A lei veta a manutenção ou instalação de qualquer tipo de
homenagem que faça menção positiva ou elogiosa a pessoas que tenham praticado
atos lesivos aos direitos humanos, aos valores democráticos ou ao respeito à
liberdade religiosa.
A norma cita especificamente figuras históricas que
defenderam a escravatura ou a eugenia ou que praticaram atos de natureza
racista.
“Ao dar visibilidade para determinada pessoa, o Poder
Público avaliza os seus feitos e enaltece o seu legado. A história brasileira
traz inúmeros momentos condenáveis, dentre os quais podem-se destacar o
genocídio dos povos nativos e a escravidão de africanos sequestrados”,
argumentou o autor do projeto, o ex-vereador Chico Alencar, citado no Diário
Carioca.
Na mesma nota, a coautora do projeto, Monica Benicio, do
Partido Socialismo e Liberdade (PSOL), declarou: “É preciso fazer uma
reparação histórica sobre esse período, principalmente para marcar posição
sobre a identidade e a postura que tomamos hoje sobre o Brasil que queremos
daqui para frente”.
“Por isso, a aprovação desse projeto é um passo importante
para promovermos uma sociedade justa e igualitária. Com o racismo não há o que
ser relativizado”, acrescentou.
Em 2020, após a vandalização da estátua do padre António
Vieira, em Lisboa, o Presidente da República, Marcelo Rebelo de Sousa,
considerou ter sido um gesto “verdadeiramente imbecil” contra a memória do
“maior orador português” e “um homem progressista” para a época.
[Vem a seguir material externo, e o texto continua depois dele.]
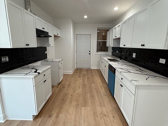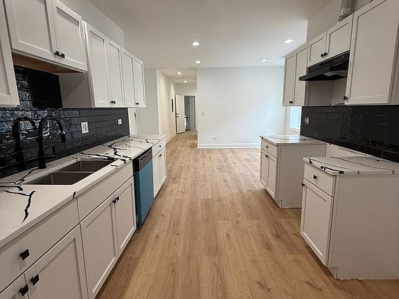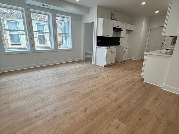 This beautiful 2 bedroom, 1 bathroom unit located in South Shore has been fully rehabbed in 2025. Be the first to live in this unit while everything is brand new! It is located on the top floor of a well-maintained 3 story building. The spacious, open concept living area is framed by large windows providing an abundance of natural light. The contemporary kitchen has white shaker cabinets, a sleek black tile backsplash, and an island perfect for entertaining or dining. The large bathroom keeps the same modern black and white color scheme. It has central air and there is laundry in the building. You will be minutes from Lake Michigan, Jackson Park, the South Shore Cultural Center, and easy transportation via CTA and Metra. Photos are of a similar unit inside the same building.
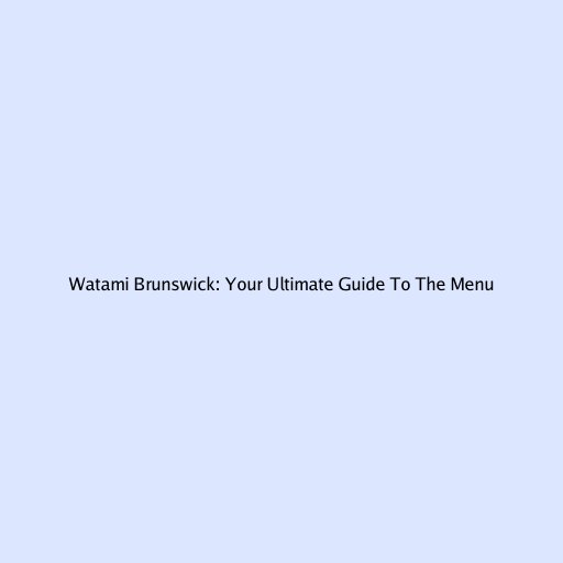 Exploring the Watami Brunswick Menu: A Culinary Adventure

O chefe de Estado manifestou-se contra a vandalização e
destruição de estátuas, em geral, defendendo que a história deve ser assumida
como um todo, e referiu-se em particular à estátua inaugurada em 2017 no Largo
Trindade Coelho, em Lisboa, do padre António Vieira com três crianças
ameríndias, que foi pintada com a palavra “descoloniza” a vermelho.
O Presidente da República acrescentou que o missionário
jesuíta do século XVII “lutou pela independência, foi um grande diplomata, foi
um homem progressista para aquela altura, perseguido pelos colonos portugueses
no Brasil, perseguido pela corte, a certa altura, perseguido pela Inquisição”.
“Foi um homem dos maiores escritores portugueses, foi o
maior orador português”, prosseguiu o chefe de Estado concluindo: “Portanto,
para a sua época, este homem, que era um visionário, ser considerado um exemplo
do que se quer destruir e demolir de memória, de testemunho da nossa História,
é uma coisa imbecil, verdadeiramente imbecil”.